Summary. The paper claims that scarce labeled verifiable data for LM post-training is best allocated according to a sparse-to-dense reward principle: apply sparse sequence-level rewards (GRPO-style) on larger teacher models to discover improved behavior, then transfer that behavior to smaller deployment students via dense token-level supervision (a forward-KL warmup on teacher rollouts followed by on-policy distillation). At fixed 1.7B student size, an RL-improved 8B teacher distilled through this bridge outperforms direct GRPO on the student (e.g., lifting MATH from 75.4% to 78.5% and outperforming replay by 2.8 points), while pre-RL teacher transfer underperforms; the bridge also enables effective later student-side sparse RL and yields strong AIME results for 8B/14B teachers.

Significance. If the central empirical ordering holds under matched compute, the work supplies a practical, testable allocation heuristic that separates exploration (sparse reward on capable models) from compression (dense transfer to students). It offers concrete pipeline comparisons on MATH and AIME with Qwen3 and Llama models, showing that the distillation bridge is load-bearing for the reported gains and that student-side GRPO becomes effective only after the bridge.

major comments (2)

[Abstract] Abstract and experimental results: The headline ordering (RL-improved 8B teacher + dense bridge > direct GRPO on 1.7B student; pre-RL transfer underperforms) is presented with specific lifts (75.4% → 78.5% MATH, +2.8 over replay) but without explicit confirmation that total FLOPs, number of gradient steps, labeled examples processed, or hyperparameter search budgets were equalized across the GRPO-only, teacher-RL, and bridge pipelines. This equality is load-bearing for attributing gains to the sparse-to-dense allocation rather than unequal training effort.
[Experiments] The manuscript reports that the forward-KL warmup + OPD bridge is consistently strongest and enables later student-side GRPO, yet provides no variance estimates, data-split details, or ablation isolating the bridge from differences in rollout volume or learning-rate schedules. Without these controls, the claim that the reward-density principle itself drives the pre- vs. post-bridge ordering cannot be fully evaluated.

minor comments (1)

[Method] The description of the dense bridge (forward-KL warmup on teacher rollouts followed by OPD on student rollouts) would benefit from an explicit equation or pseudocode block showing the combined loss and the exact point at which student rollouts begin.

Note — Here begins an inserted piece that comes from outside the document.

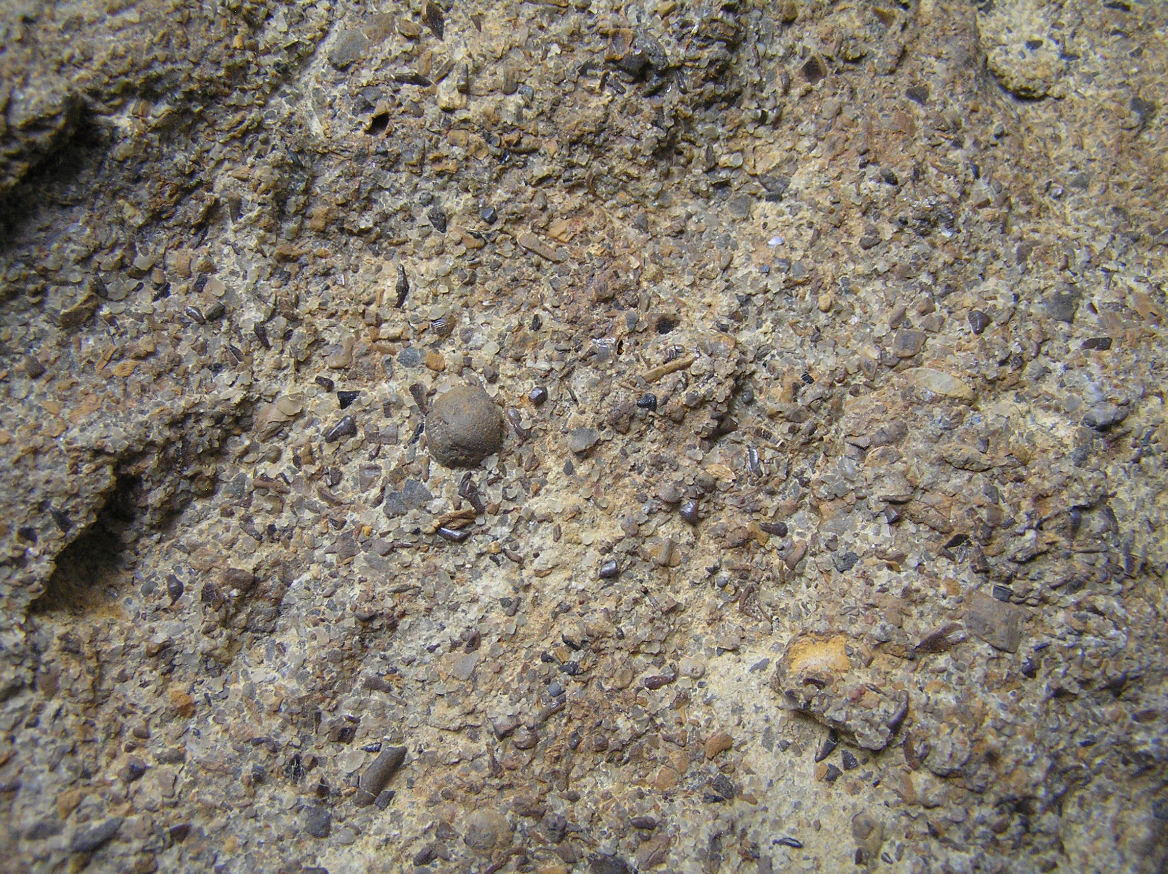 Bonebed at the Triassic/Jurassic boundary (“Rhät-Lias-Grenzbonebed”) in the Tübingen area, SW German platform

Simulated Author's Rebuttal

2 responses · 0 unresolved

We are grateful to the referee for the insightful review and the recommendation for major revision. The two major comments focus on experimental controls and reporting, which we will fully address in the revised manuscript. Our point-by-point responses follow.

read point-by-point responses

Referee: [Abstract] Abstract and experimental results: The headline ordering (RL-improved 8B teacher + dense bridge > direct GRPO on 1.7B student; pre-RL transfer underperforms) is presented with specific lifts (75.4% → 78.5% MATH, +2.8 over replay) but without explicit confirmation that total FLOPs, number of gradient steps, labeled examples processed, or hyperparameter search budgets were equalized across the GRPO-only, teacher-RL, and bridge pipelines. This equality is load-bearing for attributing gains to the sparse-to-dense allocation rather than unequal training effort.

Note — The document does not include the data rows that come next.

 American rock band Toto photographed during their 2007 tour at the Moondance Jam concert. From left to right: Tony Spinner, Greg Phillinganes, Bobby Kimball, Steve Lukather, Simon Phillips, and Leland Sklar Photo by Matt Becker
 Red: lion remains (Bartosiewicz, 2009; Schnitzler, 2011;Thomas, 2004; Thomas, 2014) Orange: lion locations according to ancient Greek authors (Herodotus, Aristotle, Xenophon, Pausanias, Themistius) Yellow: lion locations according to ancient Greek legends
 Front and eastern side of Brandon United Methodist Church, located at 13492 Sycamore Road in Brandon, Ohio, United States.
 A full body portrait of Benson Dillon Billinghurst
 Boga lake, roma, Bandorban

Authors: The referee correctly identifies that the manuscript does not currently include explicit confirmation of equalized total FLOPs, gradient steps, labeled examples, or hyperparameter budgets across the compared pipelines. We will revise the paper to add a compute analysis section that reports these quantities for the GRPO-only, teacher-RL, and bridge methods, ensuring they are matched. This will substantiate that the observed gains stem from the sparse-to-dense allocation. revision: yes
Referee: [Experiments] The manuscript reports that the forward-KL warmup + OPD bridge is consistently strongest and enables later student-side GRPO, yet provides no variance estimates, data-split details, or ablation isolating the bridge from differences in rollout volume or learning-rate schedules. Without these controls, the claim that the reward-density principle itself drives the pre- vs. post-bridge ordering cannot be fully evaluated.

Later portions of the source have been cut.